→ SUPPLIED DATA:
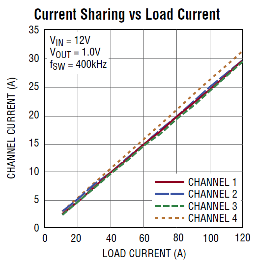 Demonstration circuit 2055A is a high efficiency, high density, 4-phase synchronous buck converter with a 4.5V to 14V input voltage range. It can supply up to 120A of load current with a 1.0V output. This demo board has two each LTC®3875EUJ feature-rich dual-phase synchronous current mode buck controllers with very low DCR current sensing capability, on-chip drivers and remote output voltage sensing. This board is set up with 0.32mΩ DCR output inductors. The temperature compensation function can guarantee accurate current limit over a wide temperature range with DCR sensing.
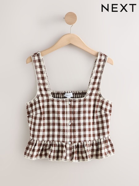 朱古力棕色格子棉布 - Lobster Print Peplum Square Neck Top
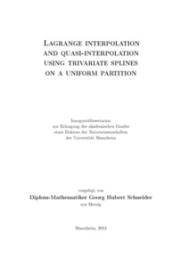 Lagrange interpolation and quasi-interpolation using trivariate splines on a uniform partition.
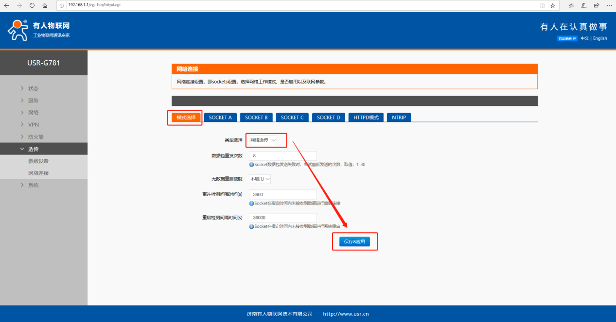 選擇SOCKETA,啟用,設置地址和端口,保存并應用

→ TRY IT: Drop the pictures, then reproduce exactly the lines from the one with "朱古力棕色格子棉布 - Lobster" through the final line of the listing.

→ ANSWER TO THIS EXERCISE:
 朱古力棕色格子棉布 - Lobster Print Peplum Square Neck Top
 Lagrange interpolation and quasi-interpolation using trivariate splines on a uniform partition.
 選擇SOCKETA,啟用,設置地址和端口,保存并應用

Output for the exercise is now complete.